* Material to process:

######

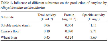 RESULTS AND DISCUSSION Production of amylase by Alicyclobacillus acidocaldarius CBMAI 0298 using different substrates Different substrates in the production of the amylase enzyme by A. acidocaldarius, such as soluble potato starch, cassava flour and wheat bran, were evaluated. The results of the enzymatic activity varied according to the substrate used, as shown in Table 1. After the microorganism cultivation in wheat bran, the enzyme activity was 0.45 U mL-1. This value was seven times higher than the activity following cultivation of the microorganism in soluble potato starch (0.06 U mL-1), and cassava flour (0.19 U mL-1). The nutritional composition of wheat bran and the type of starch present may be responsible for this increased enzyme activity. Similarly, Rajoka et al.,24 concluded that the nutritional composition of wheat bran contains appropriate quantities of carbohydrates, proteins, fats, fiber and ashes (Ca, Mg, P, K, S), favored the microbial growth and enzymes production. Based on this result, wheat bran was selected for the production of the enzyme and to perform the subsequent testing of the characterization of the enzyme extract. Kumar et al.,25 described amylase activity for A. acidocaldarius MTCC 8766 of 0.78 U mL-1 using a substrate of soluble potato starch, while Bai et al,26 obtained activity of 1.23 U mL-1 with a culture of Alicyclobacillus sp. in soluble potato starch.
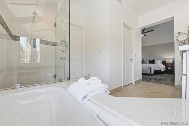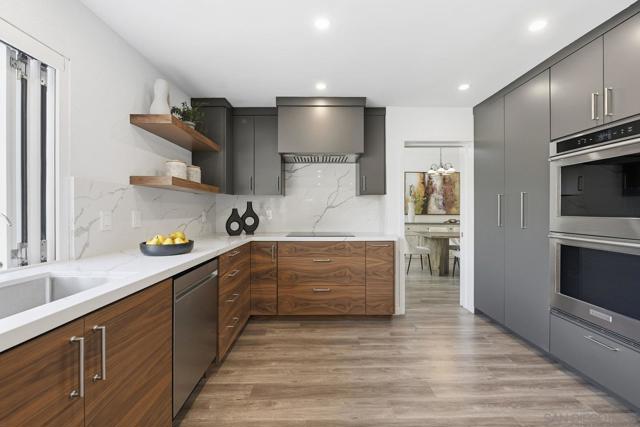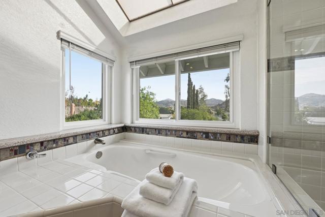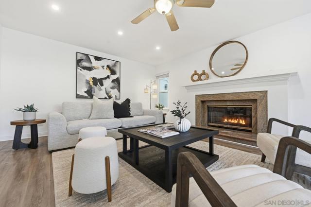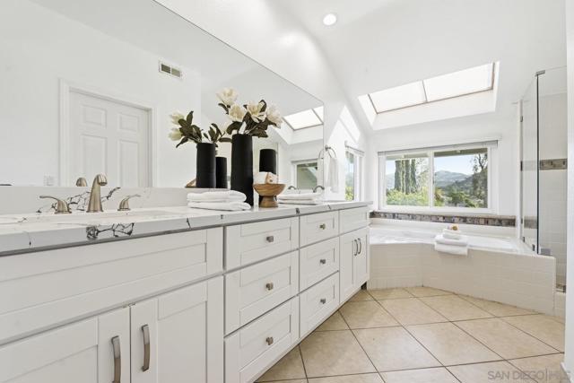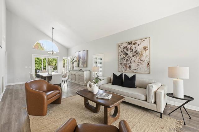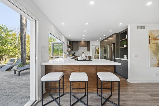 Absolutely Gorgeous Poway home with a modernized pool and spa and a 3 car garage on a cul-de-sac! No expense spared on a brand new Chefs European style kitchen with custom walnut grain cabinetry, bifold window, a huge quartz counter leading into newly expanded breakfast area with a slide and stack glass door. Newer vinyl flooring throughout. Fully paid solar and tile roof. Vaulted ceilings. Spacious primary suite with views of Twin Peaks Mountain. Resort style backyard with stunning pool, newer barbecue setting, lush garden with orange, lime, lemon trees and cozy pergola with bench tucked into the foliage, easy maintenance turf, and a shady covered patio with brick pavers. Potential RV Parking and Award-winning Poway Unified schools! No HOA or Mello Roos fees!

######

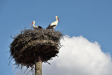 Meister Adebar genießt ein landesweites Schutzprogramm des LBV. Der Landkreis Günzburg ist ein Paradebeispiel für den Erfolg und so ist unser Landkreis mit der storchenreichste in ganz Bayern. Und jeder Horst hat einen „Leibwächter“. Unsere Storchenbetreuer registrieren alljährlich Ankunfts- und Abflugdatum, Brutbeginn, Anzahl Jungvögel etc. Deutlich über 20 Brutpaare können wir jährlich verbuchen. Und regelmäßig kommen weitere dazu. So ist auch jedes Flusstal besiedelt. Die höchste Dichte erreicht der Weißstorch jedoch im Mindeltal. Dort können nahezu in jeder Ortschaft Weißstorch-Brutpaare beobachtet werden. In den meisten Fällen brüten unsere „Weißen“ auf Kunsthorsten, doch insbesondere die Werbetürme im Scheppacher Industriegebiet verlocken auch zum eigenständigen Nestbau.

######

* Your objective: An exact copy is needed of the entries above, starting at the line that holds "RESULTS AND DISCUSSION" and stopping at the line that holds "Absolutely Gorgeous Poway", both kept; pictures stay out.

* Output of the task:
 RESULTS AND DISCUSSION Production of amylase by Alicyclobacillus acidocaldarius CBMAI 0298 using different substrates Different substrates in the production of the amylase enzyme by A. acidocaldarius, such as soluble potato starch, cassava flour and wheat bran, were evaluated. The results of the enzymatic activity varied according to the substrate used, as shown in Table 1. After the microorganism cultivation in wheat bran, the enzyme activity was 0.45 U mL-1. This value was seven times higher than the activity following cultivation of the microorganism in soluble potato starch (0.06 U mL-1), and cassava flour (0.19 U mL-1). The nutritional composition of wheat bran and the type of starch present may be responsible for this increased enzyme activity. Similarly, Rajoka et al.,24 concluded that the nutritional composition of wheat bran contains appropriate quantities of carbohydrates, proteins, fats, fiber and ashes (Ca, Mg, P, K, S), favored the microbial growth and enzymes production. Based on this result, wheat bran was selected for the production of the enzyme and to perform the subsequent testing of the characterization of the enzyme extract. Kumar et al.,25 described amylase activity for A. acidocaldarius MTCC 8766 of 0.78 U mL-1 using a substrate of soluble potato starch, while Bai et al,26 obtained activity of 1.23 U mL-1 with a culture of Alicyclobacillus sp. in soluble potato starch.
 Absolutely Gorgeous Poway home with a modernized pool and spa and a 3 car garage on a cul-de-sac! No expense spared on a brand new Chefs European style kitchen with custom walnut grain cabinetry, bifold window, a huge quartz counter leading into newly expanded breakfast area with a slide and stack glass door. Newer vinyl flooring throughout. Fully paid solar and tile roof. Vaulted ceilings. Spacious primary suite with views of Twin Peaks Mountain. Resort style backyard with stunning pool, newer barbecue setting, lush garden with orange, lime, lemon trees and cozy pergola with bench tucked into the foliage, easy maintenance turf, and a shady covered patio with brick pavers. Potential RV Parking and Award-winning Poway Unified schools! No HOA or Mello Roos fees!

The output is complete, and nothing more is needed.